- Church: Syriac Catholic Church
- Province: Damascus
- Appointed: 4 September 1978
- Term ended: 15 May 2001
- Predecessor: Clément Georges Schelhoth
- Successor: Gregorios Elias Tabé
- Other posts: Titular Bishop of Hierapolis in Syria dei Siri (1971-1978); Auxiliary Bishop of Antioch (1971-1978); Curial Archbishop of Antioch (2001-2006)

Orders
- Ordination: 23 April 1949
- Consecration: 15 August 1971 by Ignatius Antony II Hayyek

Personal details
- Born: 6 June 1925 Damascus, Mandate for Syria and the Lebanon
- Died: 16 February 2007 (aged 81)

= Eustathe Joseph Mounayer =

Syriac Catholic archbishop (1925–2007)

Eustathe Joseph Mounayer (6 June 1925 – 16 February 2007) was a Syrian Syriac Catholic hierarch, who served as the Archbishop of the Syriac Catholic Archeparchy of Damascus from 1978 until 2001. A key figure in Middle Eastern ecumenism and synodical governance, he also served as a Curial Bishop and a member of the Permanent Synod of the Syriac Catholic Church.

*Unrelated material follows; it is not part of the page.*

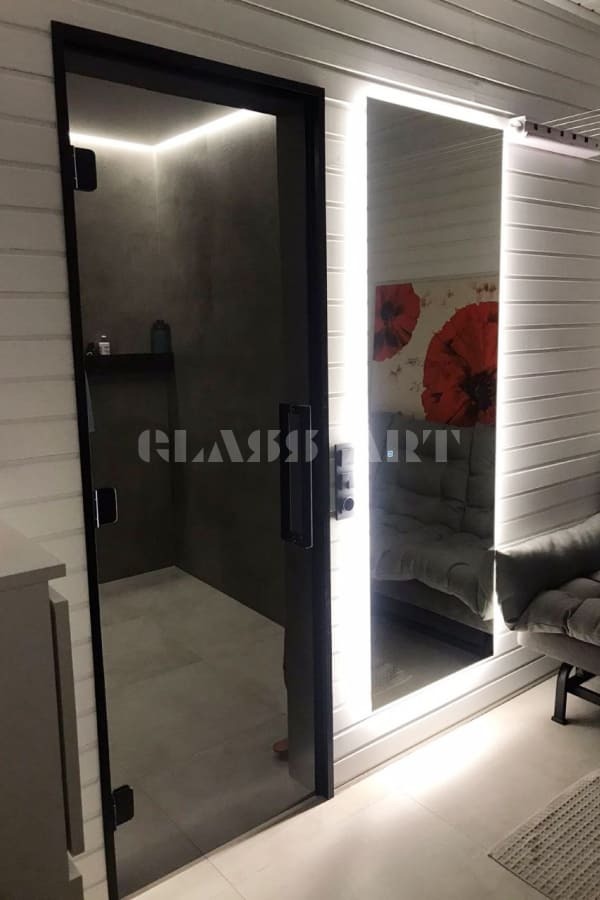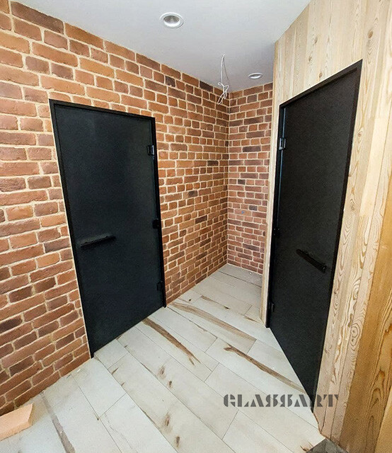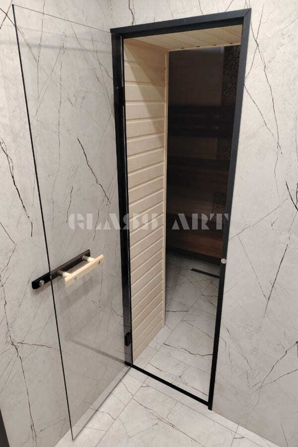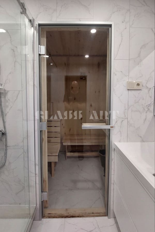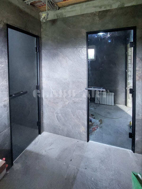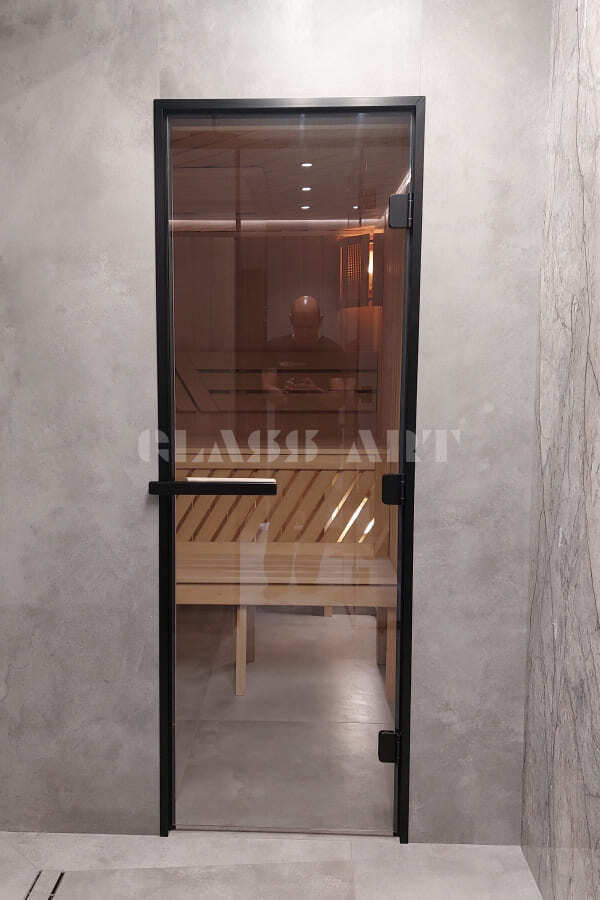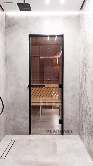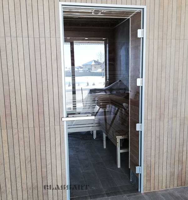 Наши стеклянные двери для бани и сауны с алюминиевым коробом имеют ряд преимуществ перед деревянными:

== Early life and priesthood ==
Mounayer was born on 6 June 1925 in Damascus, Syria. He make a theological formation and was ordained a priest for the Archeparchy of Damascus on 23 April 1949 at the age of 23.

== Episcopal career ==
On 10 May 1971, Mounayer was appointed as both an Auxiliary Bishop of the Syriac Catholic Patriarchate of Antioch in Lebanon and the Titular Bishop of Hierapolis in Syria dei Siri. He received his episcopal consecration on 15 August 1971 from Patriarch Ignatius Antony II Hayyek, with Archbishops Grégoire Ephrem Jarjour and Flavien Zacharie Melki serving as co-consecrators.

On 4 September 1978, he was elected Archbishop of the Syriac Catholic Archeparchy of Damascus, succeeding Clément Georges Schelhoth.

=== Synodical and Ecumenical Work ===
Mounayer was deeply involved in the collective governance of the Eastern Catholic Churches. In 1998, during the Special Assembly for Lebanon of the Synod of Bishops, he was a vocal participant, highlighting the pastoral needs of the Syriac community and the necessity of Christian-Muslim coexistence.

His scholarship contributed significantly to the "Pro Oriente" ecumenical consultations. His work helped facilitate the understanding of the "Common Declaration" between the Catholic Church and the Syriac Orthodox Church, addressing long-standing Christological disputes.

== Later years and death ==
Mounayer reached the mandatory retirement age and stepped down from the See of Damascus on 15 May 2001. Following his retirement, he was appointed a Curial Bishop of the Patriarchate of Antioch, a role he held until his final resignation in 2006.

He died on 16 February 2007 at the age of 81. His death was officially recorded in the Vatican's Acta Apostolicae Sedis.